=== Problem description ===
With every picture left out, restate the listing below exactly as written.

=== Data in this exercise ===
__________
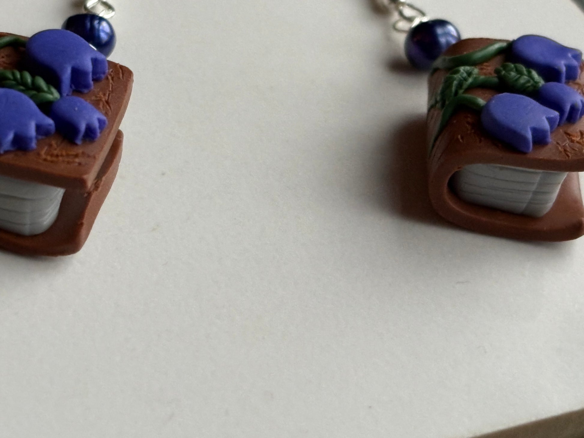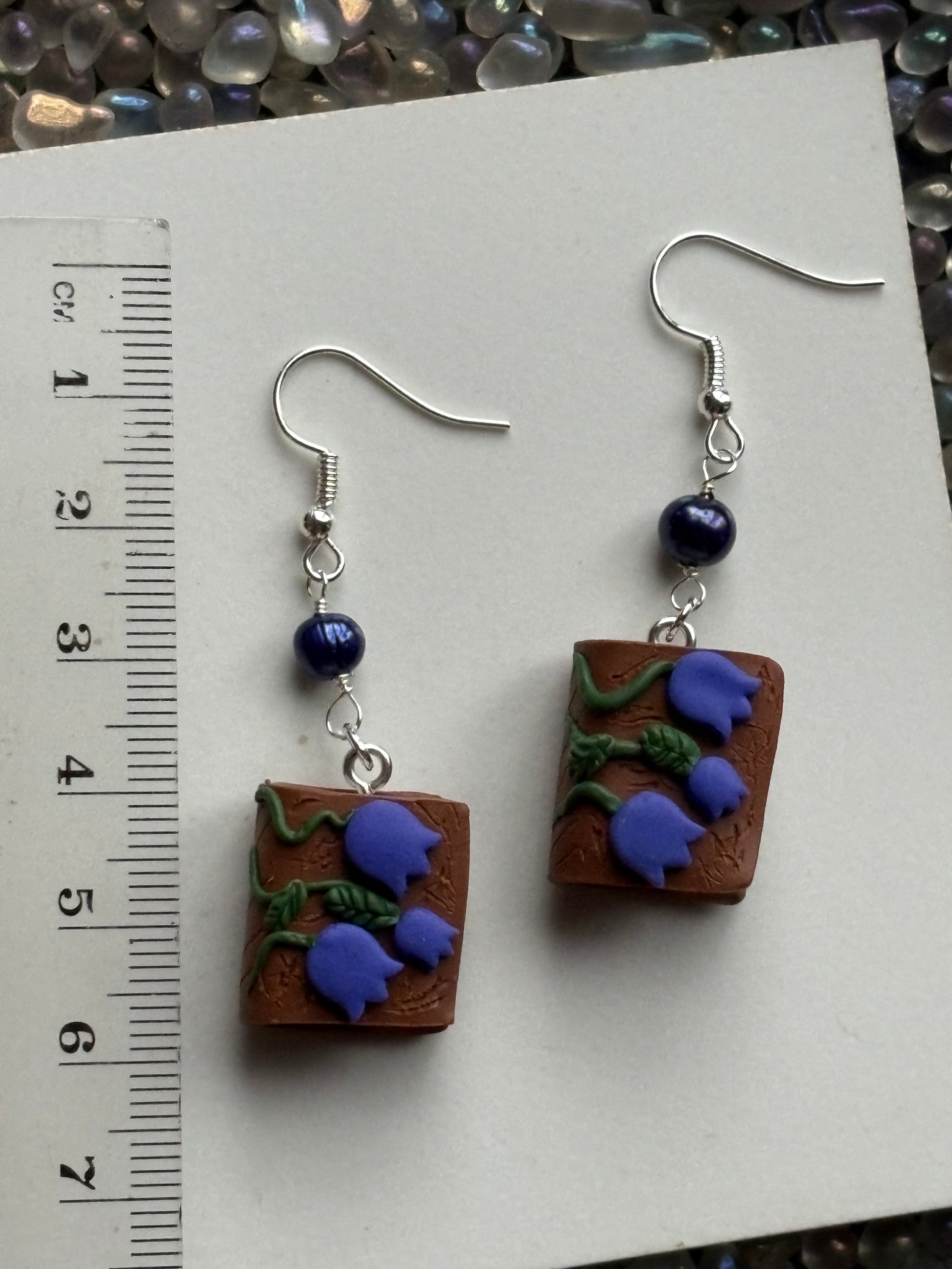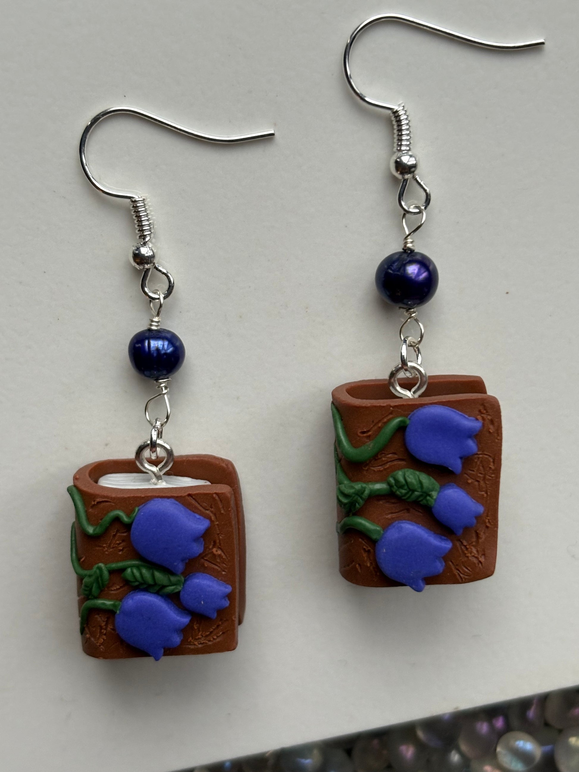 This particular design has a tiny book with a bluebell flower cover with matching coloured Purple Freshwater Cultured Pearl beads
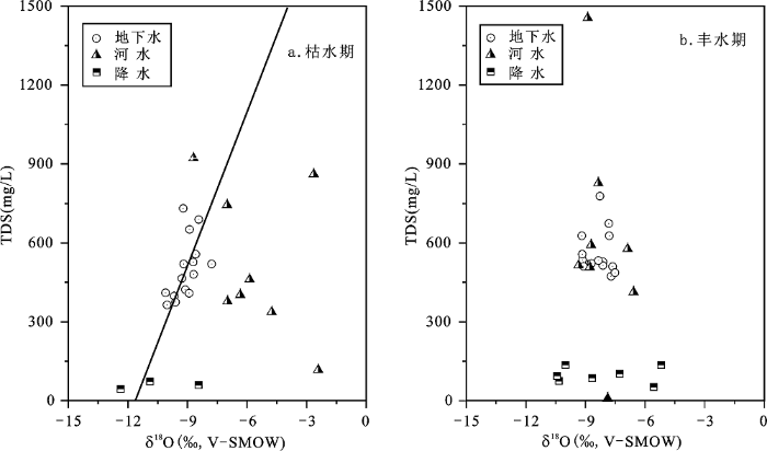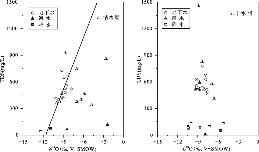利用研究区内地表水与地下水TDS与δ18O的值进一步分析了降水、河水及地下水在干枯季节的相互关系(图7),结果显示:
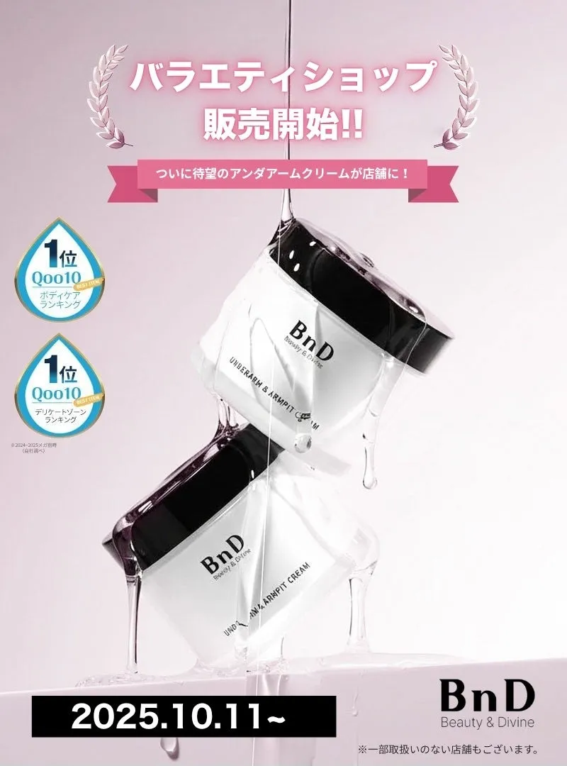 10月11日(土)から全国のバラエティショップで『BnDアンダーアームクリーム』が販売されます。また、一部の店舗では取り扱いがない場合もありますので、事前にご確認ください。
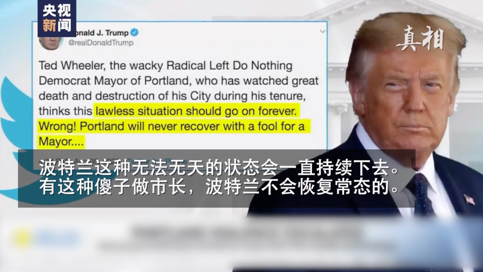 特朗普连发数条推特大骂波特兰民主党籍市长。
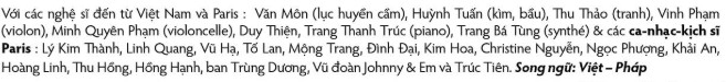 Nhạc kịch được hát và diễn bằng tiếng Việt, với phụ đề tiếng Pháp.
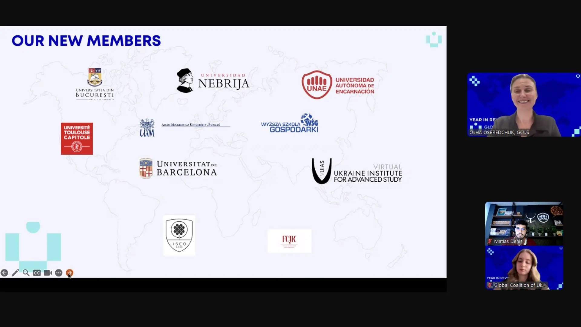 En representación de la Dra. Nadia Czeraniuk, Rectora de la UNAE, el 22 de diciembre de 2025, el Mag. Matías Denis participó en la reunión virtual en la cual se llevó a cabo la firma del Memorando de Cooperación por el cual la UNAE se compromete a trabajar con la Global Coalition of Ukrainian Studies en favor de la cultura ucraniana. Por parte de la Global Coalition of Ukranian Studies, la firma estuvo a cargo del Sr. Volodymyr Sheiko, Director General del Instituto Ucraniano.
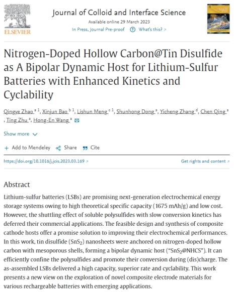 近日,纺织工程教研室包新军博士与云南师范大学王洪恩教授合作,在能源材料领域取得新进展,研究成果以“Nitrogen Doped Hollow Carbon@Tin Disulfide as A Bipolar Dynamic Host for Lithium-Sulfur Batteries with EnhancedKinetics and Cyclability”为题发表在国际期刊《Journal of Colloid and Interface Science》上(DOI:10.1016/j.jcis.2023.03.169)(JCRQ1,中科院SCI一区Top期刊,IF=9.965)。包新军博士为该论文共同第一作者,麻豆官网
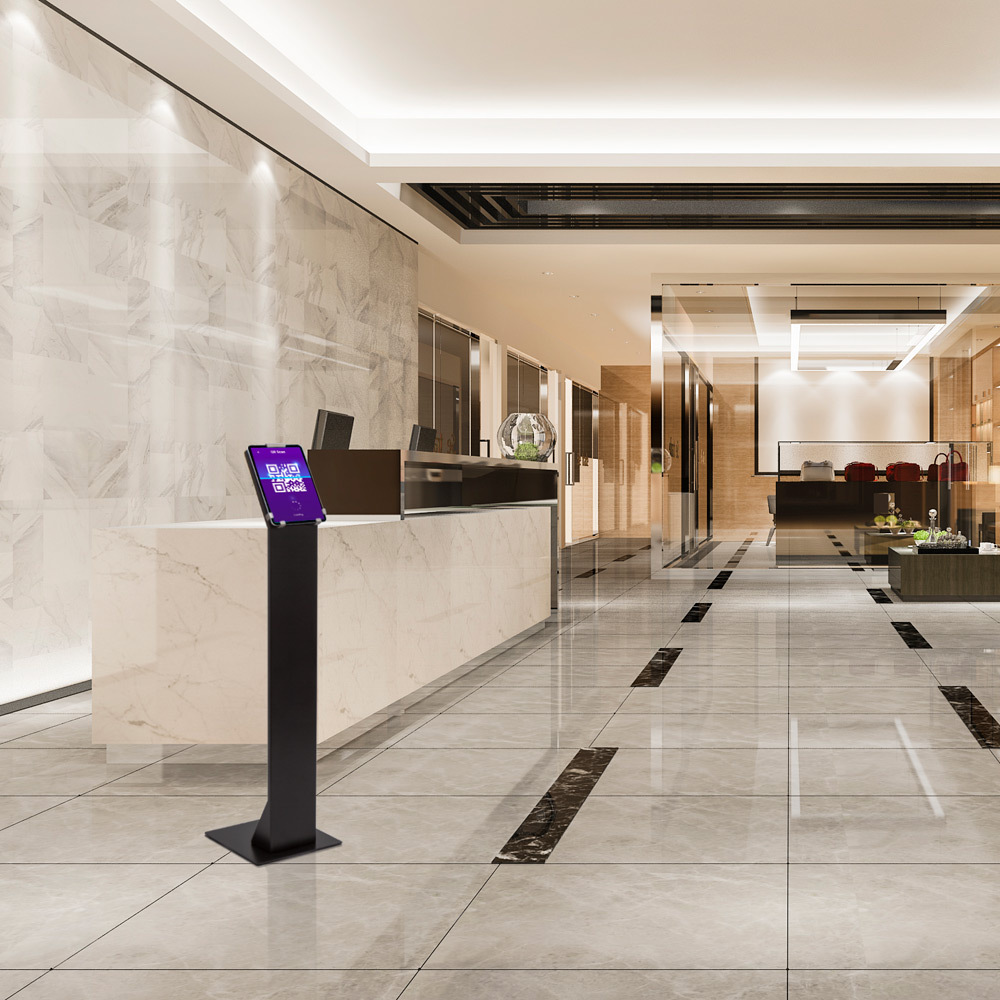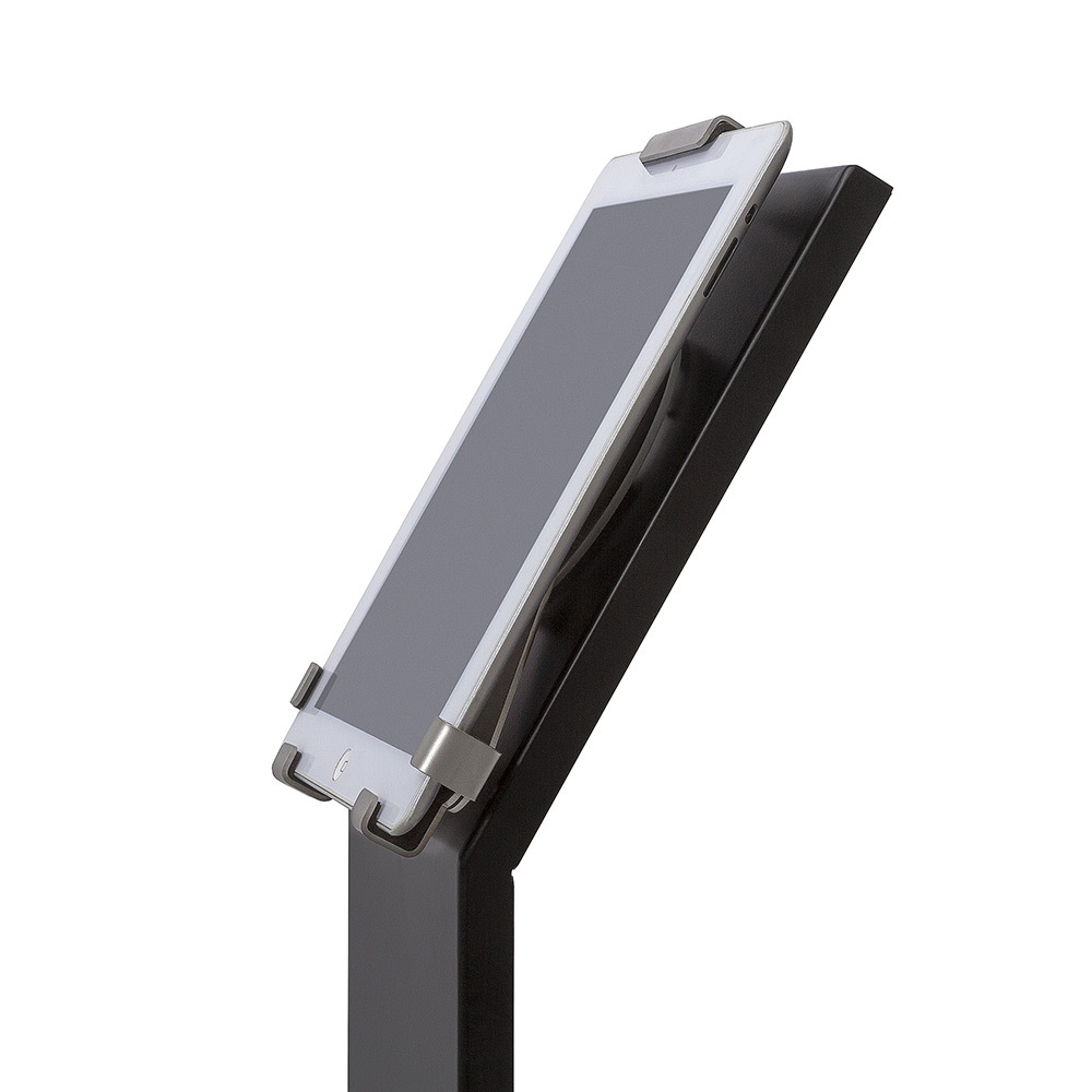Das Standardmodell in Schwarz lässt sich durch verschiedene Farboptionen individuell anpassen. Der Tabletständer ist ideal für Präsentationszwecke, Informationsstationen oder interaktive Kundenservicebereiche. Die abschließbare Konstruktion bietet zusätzliche Sicherheit für wertvolle Geräte.
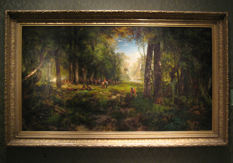 Comment: This is a very large canvas, measuring 63" by 115". In 1877, Moran went to Florida to paint St. Augustine and the St. John's River areas. In Art in Florida (Pineapple Press, 1999), Maybelle Mann says that Moran's "imagination was captured by Ponce de León's association with the town [i.e., St. Augustine]" (pp. 14-15). She adds that "Moran was impressed with the forests of Florida, which, when he first went to the state, were virtually impassable south of St. Augustine" (65).
__________
=== Output for this task ===
 This particular design has a tiny book with a bluebell flower cover with matching coloured Purple Freshwater Cultured Pearl beads
利用研究区内地表水与地下水TDS与δ18O的值进一步分析了降水、河水及地下水在干枯季节的相互关系(图7),结果显示:
 10月11日(土)から全国のバラエティショップで『BnDアンダーアームクリーム』が販売されます。また、一部の店舗では取り扱いがない場合もありますので、事前にご確認ください。
 特朗普连发数条推特大骂波特兰民主党籍市长。
 Nhạc kịch được hát và diễn bằng tiếng Việt, với phụ đề tiếng Pháp.
 En representación de la Dra. Nadia Czeraniuk, Rectora de la UNAE, el 22 de diciembre de 2025, el Mag. Matías Denis participó en la reunión virtual en la cual se llevó a cabo la firma del Memorando de Cooperación por el cual la UNAE se compromete a trabajar con la Global Coalition of Ukrainian Studies en favor de la cultura ucraniana. Por parte de la Global Coalition of Ukranian Studies, la firma estuvo a cargo del Sr. Volodymyr Sheiko, Director General del Instituto Ucraniano.
 近日,纺织工程教研室包新军博士与云南师范大学王洪恩教授合作,在能源材料领域取得新进展,研究成果以“Nitrogen Doped Hollow Carbon@Tin Disulfide as A Bipolar Dynamic Host for Lithium-Sulfur Batteries with EnhancedKinetics and Cyclability”为题发表在国际期刊《Journal of Colloid and Interface Science》上(DOI:10.1016/j.jcis.2023.03.169)(JCRQ1,中科院SCI一区Top期刊,IF=9.965)。包新军博士为该论文共同第一作者,麻豆官网
Das Standardmodell in Schwarz lässt sich durch verschiedene Farboptionen individuell anpassen. Der Tabletständer ist ideal für Präsentationszwecke, Informationsstationen oder interaktive Kundenservicebereiche. Die abschließbare Konstruktion bietet zusätzliche Sicherheit für wertvolle Geräte.
 Comment: This is a very large canvas, measuring 63" by 115". In 1877, Moran went to Florida to paint St. Augustine and the St. John's River areas. In Art in Florida (Pineapple Press, 1999), Maybelle Mann says that Moran's "imagination was captured by Ponce de León's association with the town [i.e., St. Augustine]" (pp. 14-15). She adds that "Moran was impressed with the forests of Florida, which, when he first went to the state, were virtually impassable south of St. Augustine" (65).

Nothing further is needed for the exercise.